How bright a star appears can depend on how much light the star actually emits and how far away it is. The stellar magnitude scale can be adjusted to account for distance as follows:

M2-M1 = log (b1 / b2)

Here, M refers to a star's absolute magnitude, that is, how brightly it appears from a standard distance of 10 parsecs (or 32.6 light-years). The absolute brightness of Sirius is 1.4 and the absolute brightness of Betelgeuse is -8.1.

Which of these two stars is brighter, in absolute terms, and by how much?

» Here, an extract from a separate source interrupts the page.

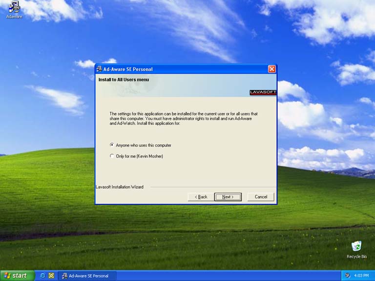 Make sure "Anyone who uses this computer" is selected and choose Next.

To determine which star is brighter in absolute terms and by how much, we can compare their absolute magnitudes using the given equation:

M2 - M1 = log (b1 / b2)

Given:
Absolute brightness of Sirius (b1) = 1.4
Absolute brightness of Betelgeuse (b2) = -8.1

We can substitute these values into the equation:

M2 - M1 = log (1.4 / 10^(8.1))

To calculate this, we need to understand logarithms. The logarithm function gives us the exponent to which a base must be raised to obtain a given value. In this case, we are using a base of 10.

Using a scientific calculator or math software, we can calculate the logarithm:

M2 - M1 = log (1.4 / 10^8.1) ≈ log (1.4 / 126000000)

The result of this calculation is approximately -8.997.

Therefore, the difference in absolute magnitude between Sirius and Betelgeuse is approximately -8.997. And since absolute magnitude is a measure of brightness, we can conclude that Betelgeuse is brighter (in absolute terms) than Sirius by approximately 8.997 magnitudes.